The Alájar meeting 2013

Presentation

Pau Amaro Seoane, Roger Blandford, Tal Alexander, Rainer Schoedel, Julian Krolik and Bernard Schutz

are organising a two weeks meeting

from Mon 16 September to Fri 27 September 2013

in Alájar (a beautiful village in Andalusia, Spain) at the Posada de San Marcos on

“Stellar dynamics and growth of massive black holes

Motivation

The study of galactic nuclei has advanced rapidly during the past few years. Observations carried out with space-borne telescopes, such as the Hubble Space Telescope, or from the ground, using adaptive optics, have allowed us to study the kinematics of stars and gas in regions reaching down to sub-parsec scales for external galaxies, and to the milliparsec range for the Milky Way. An outstanding conclusion is that dark compact objects, very probably massive black holes (MBH), with masses ranging between a million and a thousand million solar masses, occupy the centres of most galaxies for which such observations can be made.

 Donkeys relaxing in Alájar (credit: http://www.posadasalajar.com)

Donkeys relaxing in Alájar (credit: http://www.posadasalajar.com)
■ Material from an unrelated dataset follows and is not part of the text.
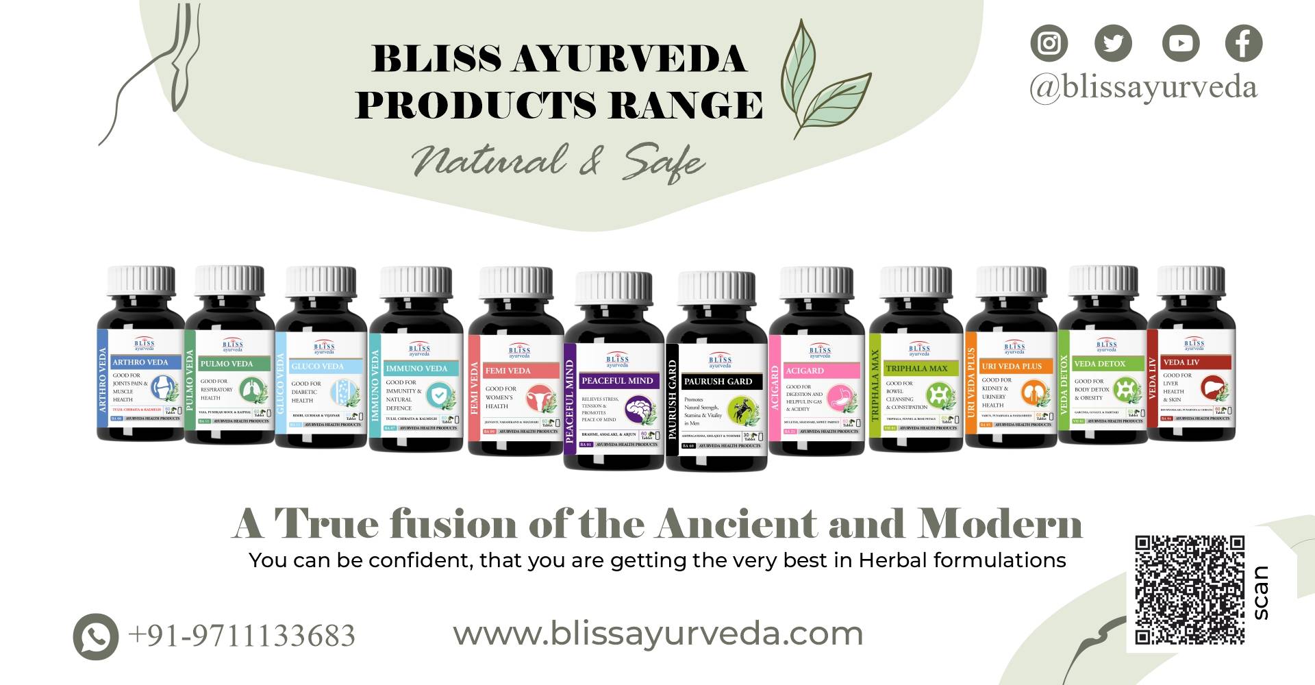 Bliss Ayurveda has a wide range of products who take care of whole aspect of Health. We have Herbal Tablets, Herbal Oil, Herbal Syrup, Herbal Paste, Herbal Candy, Softgel, Herbal Face Pack etc. For more details you can visit at www.blissayurveda.com.

We have discovered that there exists a deep link between the central MBH and its host galaxy. Claims of detection of “intermediate-mass” black holes (IMBHs, with masses between 100 and 10,000 solar masses) raise the possibility that these correlations extend to much smaller systems, but the strongest -if not totally conclusive- observational evidences for the existence of IMBHs are ultra-luminous X-ray sources. The origins of these IMBH are still shrouded in mystery, and many aspects of their interplay with the surrounding stellar cluster remain
to be elucidated.

The particularly important modes of interaction between stars and the MBH in galactic nuclei are, firstly, that stars can produce gases which are accreted onto the MBH through normal stellar evolution, collisions or disruptions of stars by the strong central tidal field. Secondly, compact stars can be swallowed whole if they gradually inspiral due to the emission of GWs. The latter process, is known as an “Extreme Mass Ratio Inspiral”.

Indeed, in the past few years, several galaxies have exhibited X-ray/UV flares consistent with the tidal disruption of a star. Tidal disruptions trigger phases of bright accretion that may reveal the presence of a MBH in an otherwise quiescent, possibly very distant, galaxy, with important implications for extra-galactic UV/X-ray astronomy.
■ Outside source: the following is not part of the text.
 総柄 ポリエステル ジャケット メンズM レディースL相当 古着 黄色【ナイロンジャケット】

Partial disruptions, for instance stripping the envelope of a giant star, may also have tell-tale observational consequences. Such outbursts may have been detected already and space missions such as SWIFT, the Advanced Telescope for High Energy Astrophysics or the Energetic X-ray Imaging Survey Telescope (EXIST) and the extended ROentgen Survey with an Imaging Telescope Array (eRosita) should yield a rich harvest of data.

The workshop will bring experts from rather different fields: stellar dynamicists, observers from optical and X/UV-ray, astrometry, data analysts, general relativity and numerical modeling of different regimes (from kiloparsec distances to parsecs down to the horizon of the massive black hole).

The workshop is born from the need for a place where the distinct communities involved in X-ray astronomy, gravitation wave including electromagnetic counterparts might gather. While these communities – theoretical and observational astrophysics, general relativity, cosmology and data analysis – have made significant collaborative progress over recent years, we believe that it is indispensable to future advancement that they draw closer, and that they speak a common idiom.